The Aftermath of Mullaitivu

An ACSLU Statement


CONTENTS
1.     The Significance of Mullaitivu
2.     The Government Response
3.     The Lessons of the Past
4.     The Devolution Solution
5.     Towards a Correct Solutiom
6.     Conclusion

First Published: July 1996


1. The Significance of Mullaitivu

It is now six weeks since the LTTE attack on the military garrison of the Sri Lankan Army at Mullaitivu in the North-East of Sri Lanka. Within a week of that event ACSLU issued a statement not only condemning this attack but also urging the SL authorities to draw the correct lessons from this disaster. The Statement said:

"The debacle at Mullaitivu puts into question the whole strategy of the SL Government's handling of the separatist problem. It should lead to a complete re-think of the policy that has been place for a long time, and pursued alike by both the main political parties that have wielded political power in SL during the duration of this insurgency."
It would appear that the right lessons have not been drawn from the disaster. This is confirmed by the events that have followed the disaster.

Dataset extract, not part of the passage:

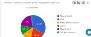 Të dhënat tregojnë se 45,7% e qytetarëve shprehen të pakënaqur, ndërsa rreth 38,6% e vlerësojnë pozitivisht qeverisjen aktuale, çka nënkupton polarizim të perceptimeve publike, por me dominim të pakënaqësisë ndaj performancës komunale.

It is now clear that the Mullaitivu action has cost the lives of over 1400 soldiers. The Government has still not confirmed the extent of the loss of life despite attempts by the UNP opposition to raise the matter in Parliament. This ploy of the UNP however appears to be pure opportunism as they were in charge when the other great military debacle, viz. attack on Pooneryn took place. That time over 750 lives were lost. That time too the then Government did not change its strategy on the separatist problem. The inability to learn from military setbacks seem to be characteristic of both sides of the political divide in Sri Lanka.

Military disasters on this scale rarely occur in an insurgency of the kind mounted by the Tamil terrorists. Many of the Eelamist support groups, including many in Sri Lanka itself, had consistently exaggerated the capability of this terrorist group. It was hoped that the success of the Riviresa operations had punctured this myth. However disasters on the scale of Mullaitivu allow this myth to be resurrected again. While the capitulationists in Sri Lanka may once again use this setback to consider caving into the racist separatist demands this is not the right policy to follow.

The Mullaitivu action came at a time when the LTTE and its international support groups had been systematically losing ground both in Sri Lanka and internationally. The loss of the Jaffna region to the LTTE has been a serious blow to their morale, while more and more foreign governments are seeing the true nature of the LTTE. Hence there has been a desperate need for the LTTE to re-establish some of its "reputation" however questionable that reputation has been for all reasonable persons. Those foreign elements which the Tamil Lobby has cultivated for long, and who still support them, will no doubt use the Mullaitivu incident as another argument why the LTTE should be looked upon with favour as a credible force in Sri Lanka.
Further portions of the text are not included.